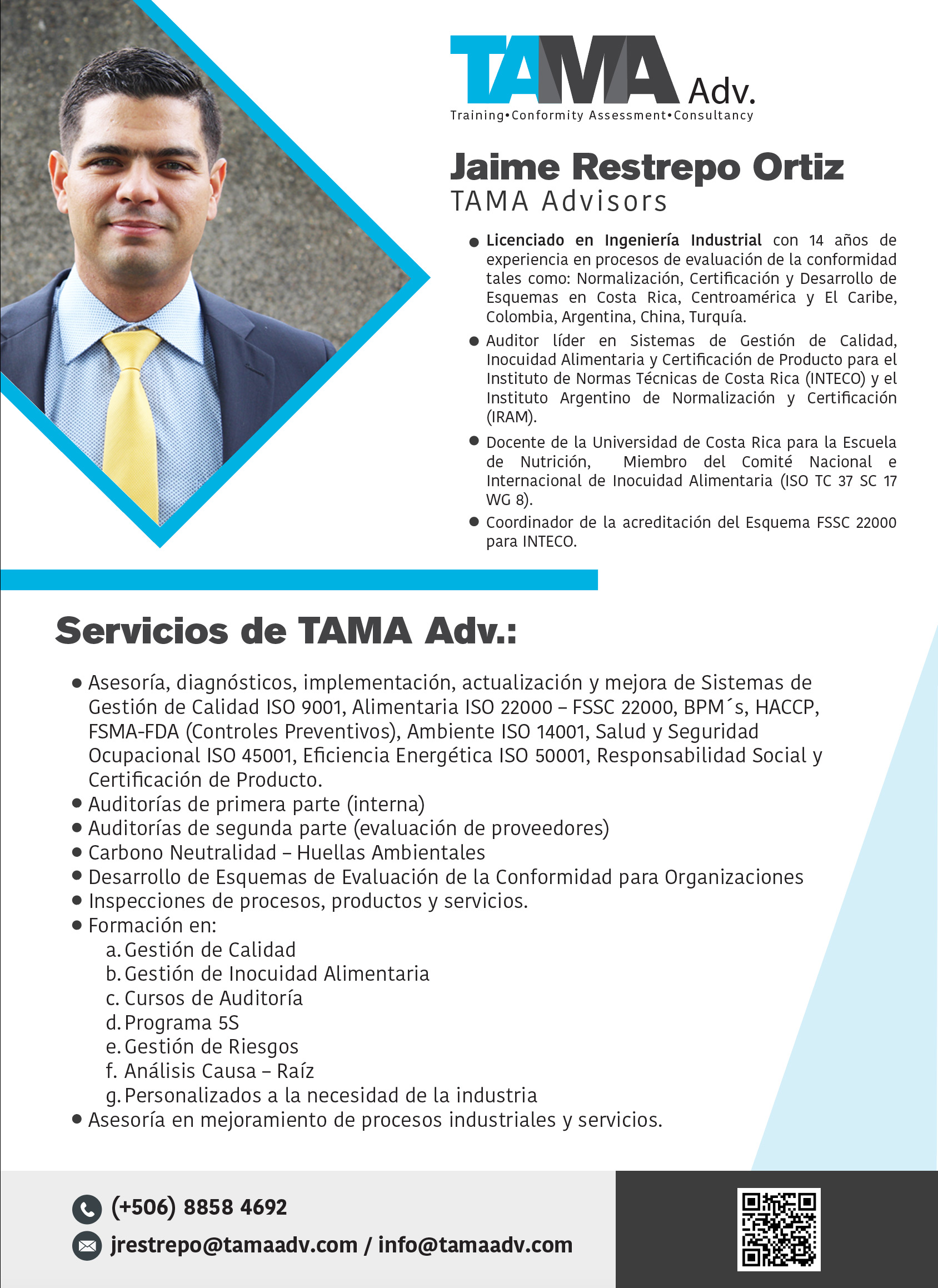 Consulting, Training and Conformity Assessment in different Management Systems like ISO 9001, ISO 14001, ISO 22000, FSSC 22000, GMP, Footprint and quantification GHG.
• • •
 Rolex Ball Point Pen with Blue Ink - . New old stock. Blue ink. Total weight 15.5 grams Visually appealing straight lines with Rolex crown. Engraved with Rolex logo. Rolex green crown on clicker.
• • •
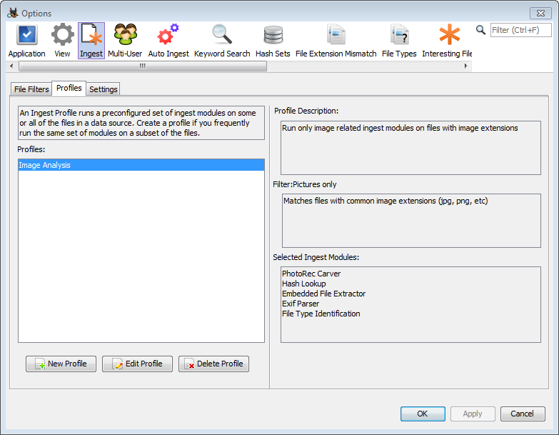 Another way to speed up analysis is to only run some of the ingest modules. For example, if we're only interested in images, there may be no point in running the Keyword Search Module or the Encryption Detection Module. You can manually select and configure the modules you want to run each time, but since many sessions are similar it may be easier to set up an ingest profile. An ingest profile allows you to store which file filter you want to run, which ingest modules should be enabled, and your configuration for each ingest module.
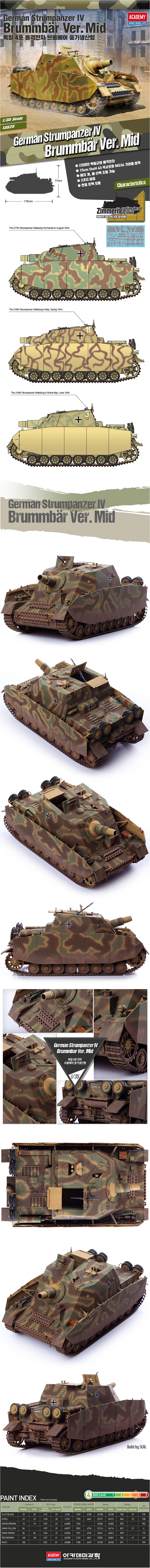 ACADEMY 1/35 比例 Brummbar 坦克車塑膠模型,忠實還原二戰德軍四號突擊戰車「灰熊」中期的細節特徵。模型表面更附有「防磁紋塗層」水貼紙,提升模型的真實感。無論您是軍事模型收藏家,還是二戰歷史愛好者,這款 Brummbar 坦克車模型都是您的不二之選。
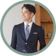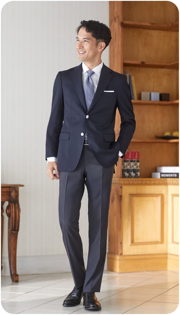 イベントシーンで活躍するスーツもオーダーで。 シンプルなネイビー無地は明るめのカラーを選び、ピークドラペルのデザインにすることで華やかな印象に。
• • •
• Exercise goal: Of the lines above, quote exactly those from the one with "ACADEMY 1/35 比例" through the one with "イベントシーンで活躍するスー", ends included; pictures stay out.

• Written answer:
 ACADEMY 1/35 比例 Brummbar 坦克車塑膠模型,忠實還原二戰德軍四號突擊戰車「灰熊」中期的細節特徵。模型表面更附有「防磁紋塗層」水貼紙,提升模型的真實感。無論您是軍事模型收藏家,還是二戰歷史愛好者,這款 Brummbar 坦克車模型都是您的不二之選。
 イベントシーンで活躍するスーツもオーダーで。 シンプルなネイビー無地は明るめのカラーを選び、ピークドラペルのデザインにすることで華やかな印象に。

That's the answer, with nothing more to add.